To assess performance, the research team evaluated 21 language models, including systems from major developers such as OpenAI, Google, and Anthropic. The models were tested using 29 standardized clinical scenarios with the help of a new evaluation framework known as PrIME-LLM.

The tool measures how well systems perform across multiple stages of clinical reasoning, from forming an initial impression to selecting tests, reaching a diagnosis, and proposing treatment. To mirror real medical cases, the researchers introduced information in stages. Models first received basic patient details, followed by examination findings and lab results.

Even when allowed to continue to later steps after failing early ones, the models showed a consistent weakness in generating appropriate lists of possible conditions. They failed to produce accurate differential diagnoses in over 80% of cases.

Performance improved significantly when additional data, such as imaging and laboratory results, were provided.
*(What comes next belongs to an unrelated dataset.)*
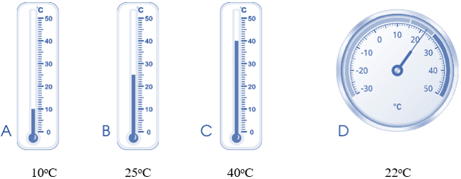 Đọc nhiệt độ ghi trên mỗi nhiệt kế sau:
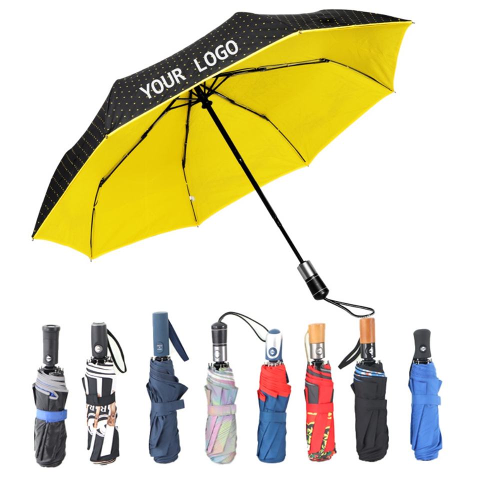 Parapluie compact moderne en nylon à trois plis automatique avec revêtement de protection UV

Final diagnosis accuracy ranged from roughly 60% to above 90%, depending on the system.

Among the strongest performers were newer models, including Claude 4.5 Opus, Grok 4, Gemini 3.0 variants, and GPT-5. Despite these advances, the study concluded that even the most capable systems still lack the depth of reasoning needed for safe, unsupervised use.

The authors emphasized the continued importance of human oversight, warning that AI tools should support, not replace, clinical judgment.

Experts not involved in the study echoed these concerns. They stressed that AI should not be used to make healthcare decisions without professional oversight and advised the public to seek qualified medical advice when dealing with health issues.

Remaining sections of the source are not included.